It is not a[5] = 0. It is i=0; But I also have no idea about why it
is done twice.
I have known the reason of this issue is "a[3], a[4]" has not
evaluated before the assignment occurred. So the result of this action
is not fixed? And the result of this action is determined by the
compiler. But there is still a question in my head. Why gcc put
"a[3]=a[2]; a[4]=a[0]+a[1];" operation in the front of "a[0]=1;
a[1]=2; a[2]=3;"? Is not the array has initialized from a[0] to a[n]?

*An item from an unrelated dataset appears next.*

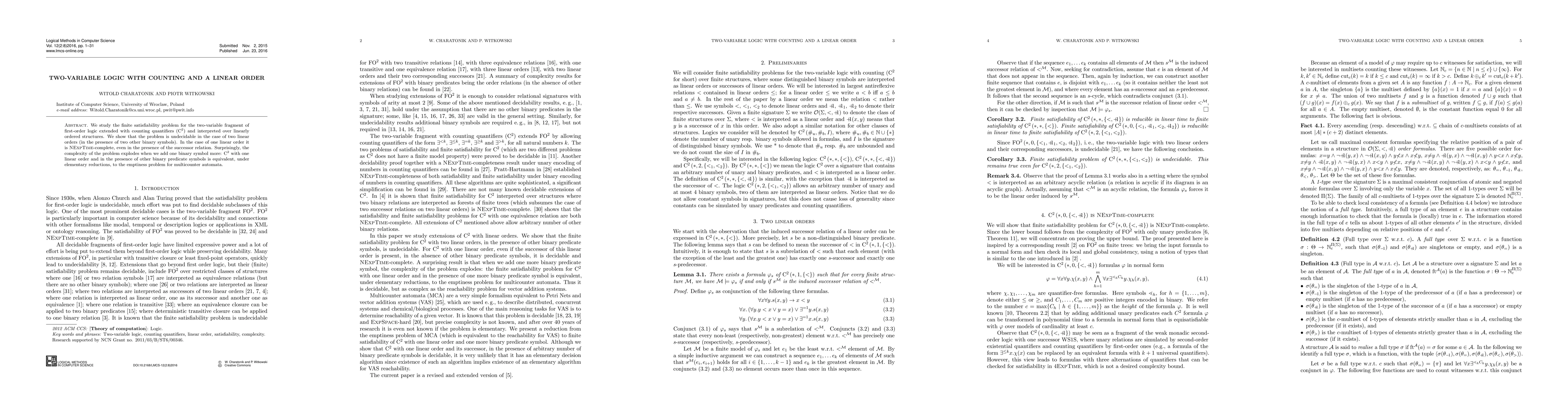 The research investigates the finite satisfiability problem for two-variable logic with counting and a linear order, revealing it is undecidable with two linear orders and NEXPTIME-complete with one. Adding an additional binary symbol elevates complexity to equivalence with multicounter automata's emptiness problem.

I just wonder why not put "a[0]=1; a[1]=2; a[2]=3;" operation in the
front of "a[3]=a[2]; a[4]=a[0]+a[1];".
Is there a method to achieve “a[3] = a[2]; a[4]=a[0]+a[1]” for
global variable. So, I just need to update the value of a[0]…a[1] when
the value should be changed. I think it is useful when the arithmetic
expression is very complex. The value of some elements in a array will
be auto updated by compiler, just like this:
===============================================
static int a[6]={1, 2, 3, a[2], a[0]+a[1], sin(a[4])}; //
gcc-4.4.5 report error !
#include <stdio.h>
int main()
{
int i=0;
for (i=0; i<6; i++) {
printf("\t%d", a[i]);
}
return 0;
}
===============================================